Why the shift to bigger breakaways? Michael Durbin, president of Fidelity Institutional Wealth Services says that in 2009, the industry was in a crisis phase, and smaller advisors were either asked to leave or chose to leave because they had anxiety over the model or stability of the firm. “That has washed itself through,” he said.

The thing is, breakawy teams converting to RIAs are not getting bigger industrywide. The number of breakaway teams starting or joining RIAs that custodied with Schwab slipped to 163 last year from 172 in 2009, but the size of those teams was about on par with 2009. They had average assets of $75 million last year, just a hair below the previous year's $76 million. Over at Pershing, the number of teams starting their own RIAs actually rose to 30 from 24 the previous year, while assets per team climbed to $160 million from $120 million in 2009. TD Ameritrade did not disclose its breakaway numbers in terms of teams, nor did it disclose total breakaway assets or assets per breakaway team. (See below for a table of RIA and asset numbers.)

Wait And See

Fidelity speculates that the bigger teams breaking away today may have been waiting around for the right market conditions. That was the case for Erwin and his team. “As the situation unfolded, it was inappropriate for us to put clients through that transition in the midst of global economic chaos,” Erwin said.
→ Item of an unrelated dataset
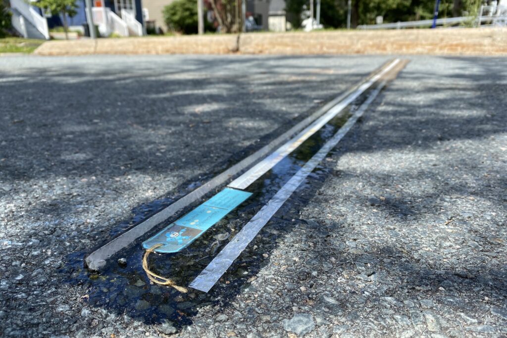 道格·卡尔顿-已知推特去年,他花了很多时间研究一种新型的减速带。上周,他在达特茅斯市芬德利社区中心的停车场安装了一个减速带。

From early 2008 to late 2009, the bigger, longer-tenured teams were focused on stabilizing their clients and settling their book of business, first and foremost, Durbin said. In addition, as the storms settled and these big firms went through all the transformative changes—the mergers and acquisitions and joint venture activity—some large advisors decided to stick it out and see how things would look after the dust settled, he added. But by 2010, many were ready to jump ship if they didn’t see “a palpable improvement in the state of affairs,” he said.

The larger ones held on longer, perhaps because they had signed lock-in contracts, said Alois Pirker, research director at Aite Group. They gave it a chance, but once the markets got better, they were more willing to take a plunge.

“After the chaos of the financial crisis, many of the smaller advisors took the opportunity to go independent or were shown the door by the big wirehouses,” said Tim Welsh, president of Nexus Strategy of Larkspur, Calif. “The larger teams received retention packages and stayed put, thus skewing the average AUM size of the breakaways.”

Last year, the book size of advisors grew as the markets improved, so this could also be why average assets were up, Pirker said. On average, advisors take 60 percent of their book with them, he said. But very successful advisors at the top end often take their full book—all their clients.

Independent Models

Durbin also points to the innovation around new independent models, such as aggregator and rollup firms, as a draw for larger teams. This includes firms like HighTower, Focus Financial, United Capital and U.S. Capital. These firms are very well capitalized and provide an independent destination so that advisors don’t have to go it alone, Durbin said.

“Larger teams or larger practices are finding ways to make the transition to independence through firms like Focus Financial,” said Erwin. “The bridge-builders are becoming more prolific.”

“Now with the markets returning and the larger teams realizing the many benefits of going independent RIA (own your own firm, open architecture of product and technology selection, fee-based alignment with client interests, building equity in your new firm, escape from the negative headlines of the wirehouses, etc.), the breakaway trend is continuing and will only accelerate as the retention packages become less onerous to pay back,” said Welsh.